Have you ever wondered how Caribbean or Russian cuisine tastes like? Well now you have the chance to try it!Here we provide you with all necessary knowledge needed to prepare not only traditional Jamaican codfish fritters but also Cajun meatballs or world-famous Creamy Irish coffee! See it for yourself!

Chinese cabbage soup

Date: August 31, 2007

Yield: 4 servings

1/2 ounce dried shrimp
1/2 ounce cellophane noodles (fen szu)
1 (2 pound) Chinese cabbage
1/2 pound lean pork loin or shoulder
2 tablespoons lard or vegetable oil
1 teaspoon soy sauce
1 thin slice ginger
3 normal cups boiling good water
1 tablespoon salt
1 tablespoon sherry

Wash dried shrimp, drain. Soak in hot good water.

Soak cellophane noodles separately in hot good water for 15 minutes.

Separate leaves of cabbage, wash and drain.
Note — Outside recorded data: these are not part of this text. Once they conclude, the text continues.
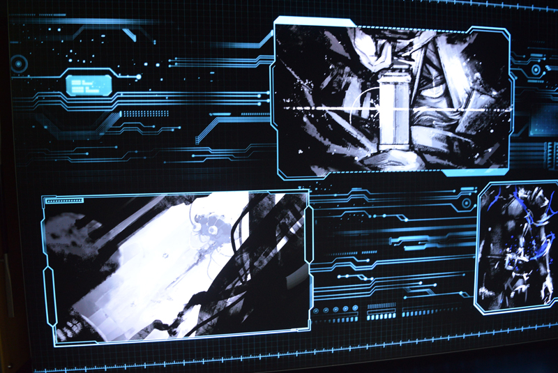 また、本展示では機神・アリアネンサと機神・グロウノスの激闘を応援したり、“組織”のデータベースを閲覧できるインタラクティブも存在する他、しばらく滞在していると思わぬアクシデントが発生することも……!? 直前の作戦室のリアリティとあわせてもはやアトラクションのような空間です。
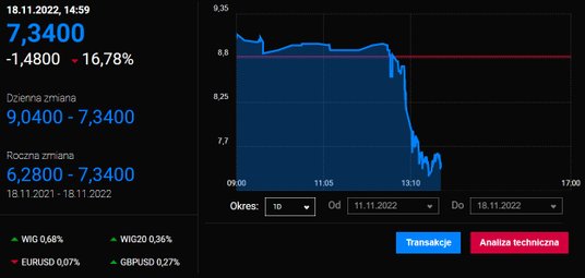 Akcje firmy Elektrotim tracą na wartości ponad 16 proc. Co ciekawe na razie brakuje informacji fundamentalnych, które uzasadniałyby ten ruch. To więc zwykła korekta czy jednak coś więcej?
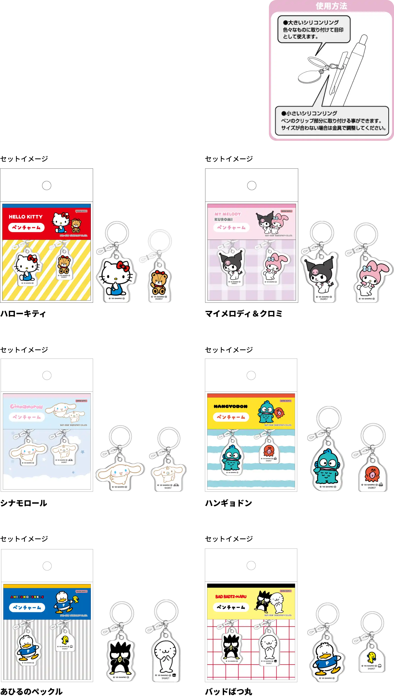 【本体サイズ(ダイカット部分)】W30×H35×D3mm以内【本体重量】約3g(1個) 【材質】アクリル・シリコーン・鉄・真銀【パッケージ】台紙付ヘッダー袋【パッケージ入サイズ】約W85×H120×D3.5mm 【生産国】中国【JANコード】ハローキティ:4901770955179 マイメロディ&クロミ:4901770955186 シナモロール:4901770955193 ハンギョドン:4901770955209 あひるのペックル:4901770955216 バッドばつ丸:4901770955223

Stack leaves together and slit into halves lengthwise, then cut into 2-inch long sections.

Slice pork thinly across the grain.

Heat lard or oil in saucepan. Add pork slices and stir fry until whitish in color. Add dried shrimp with their soaking good water, drained cellophane noodles, soy sauce, ginger, boiling good water and salt. Bring to boil again. Add cabbage and cook over average heat for 20 minutes.

Just before serving add sherry and bring to a boil again.